Data migration from MySQL to PostgreSQL

As you work with databases, get acquainted with their pros and cons, there is a moment when a decision is made to migrate from one DBMS to another. In this case, the problem arose of migrating services from MySQL to PostgreSQL. Here is a small list of goodies that are waiting for the transition to PostgreSQL, version 9.2 (a more detailed list of features can be found here ):

table inheritance (there are restrictions that promise to fix in the future)
ranges : int4range, numrange, daterange
support out of the box several languages for stored functions (PL / pgSQL, PL / Tcl, PL / Perl, PL / Python and bare C)
WITH clause allowing recursive queries
(planned) materialized views (in part they are available now - as IUD rules for the presentation)
(planned) trigger on DDL operation

As a rule, existing solutions rely on working with a ready-made SQL dump, which is converted in accordance with the syntax of the target database. But in some cases (an actively used web application with a large amount of information), this option incurs certain time costs for creating a SQL dump from a DBMS, converting it, and loading the resulting dump back into the DBMS. Therefore, the online option (straight from the DBMS to the DBMS) of the converter will be more optimal, which can significantly reduce downtime services.

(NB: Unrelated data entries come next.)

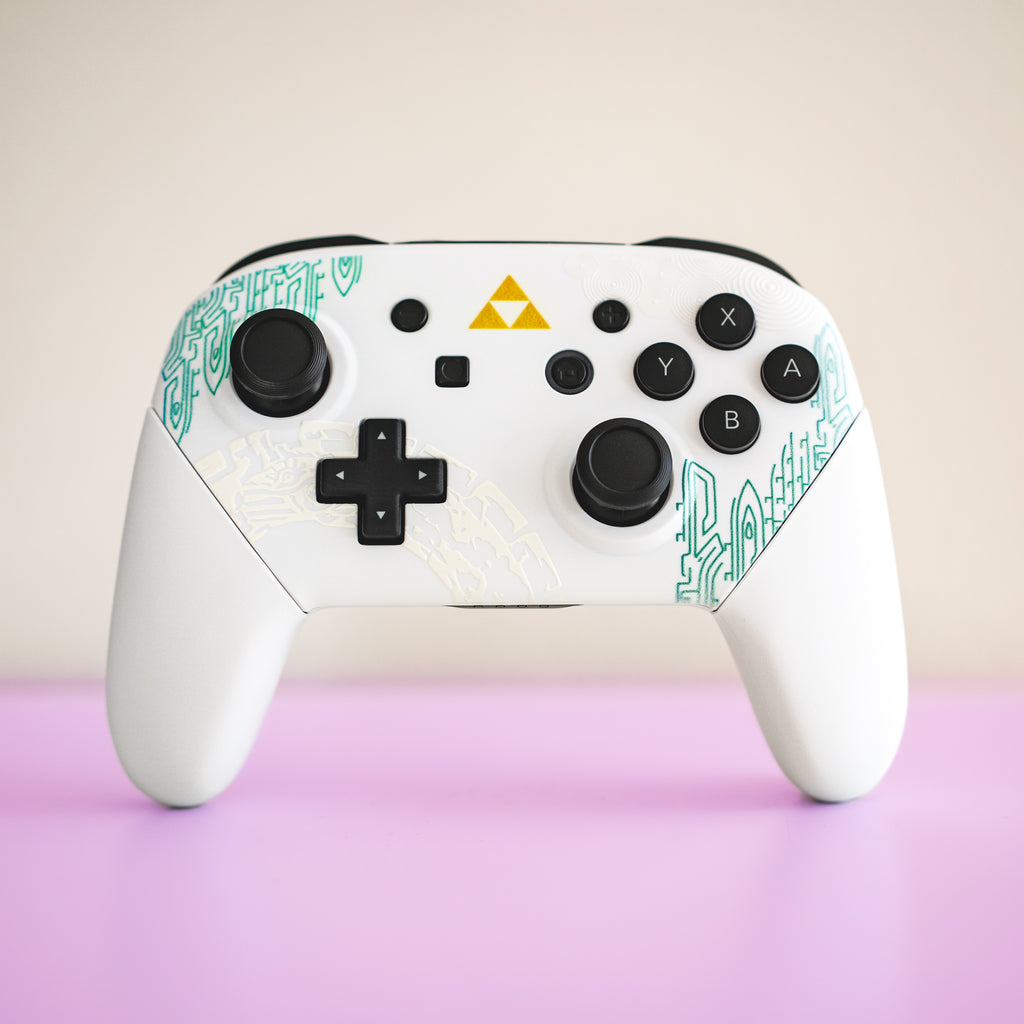 Our Tears Of The Kingdom Pro-Controller infuses the legacy and gaming history of The Legend Of Zelda into a carefully crafted controller body. It is the most intricate and difficult to produce design we have created for a Pro-Controller. This means only one in a few passes our quality check :)
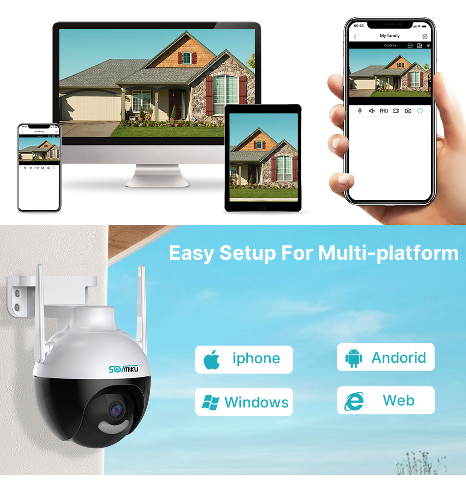 Корпус камеры изготовлен из высококачественного АБС-пластика, который является водонепроницаемым, солнцезащитным и пыленепроницаемым. Он подходит для любой среды.
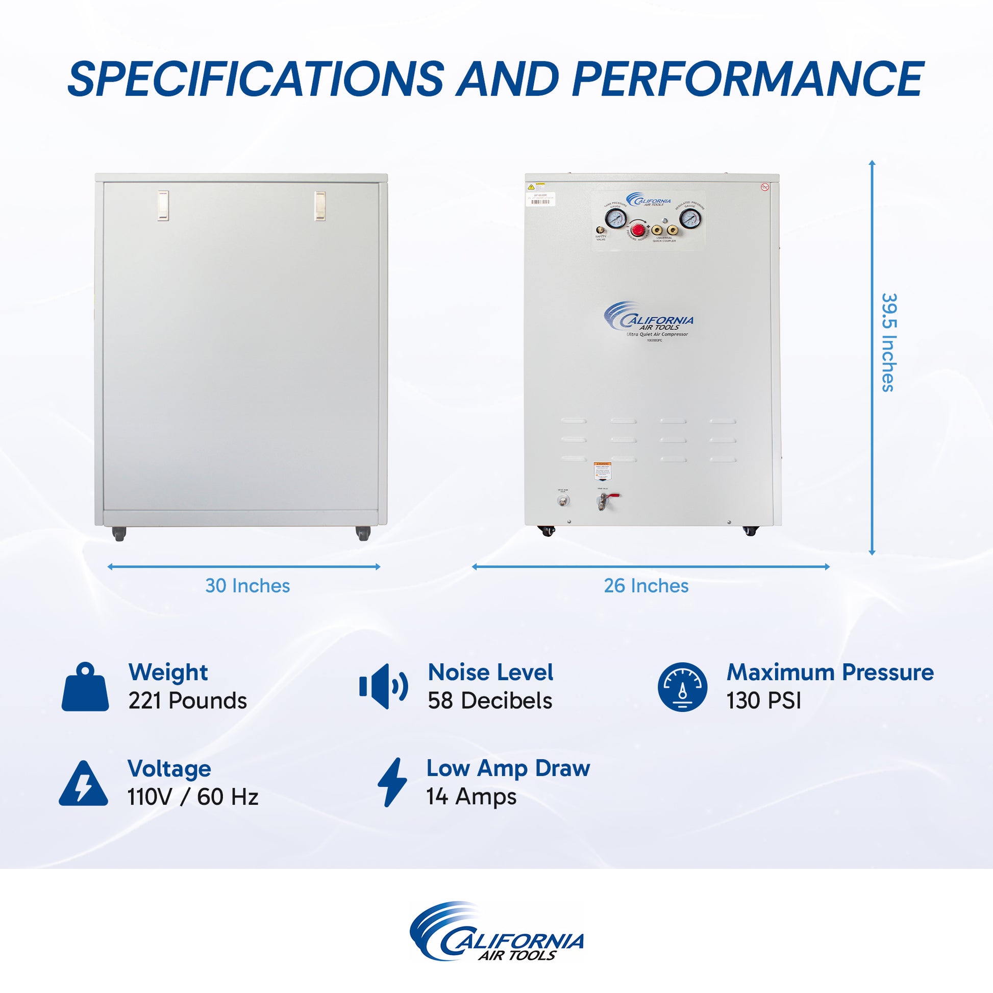 The California Air Tools 10020DSPC delivers ultra-quiet performance at just 58 decibels, perfect for home, shop, office, or warehouse use. Its powerful 2.0 HP oil-free motor operates at 1680 RPM, minimizing noise, vibration, and wear, for extended reliability.

C ++ was chosen as the language for implementation (with some capabilities from C ++ 11x), libraries for connecting with MySQL and PostgreSQL were used native, Qt Creator was used as the IDE.

The migration algorithm is as follows. It is understood that the table structure has already been created in the recipient database, corresponding to the structure in the source database. A list of tables for data transfer is formed, which is then distributed in the thread pool. Each stream has a connection to the source database and the recipient database. Those. parallel transferred several tables. Profit!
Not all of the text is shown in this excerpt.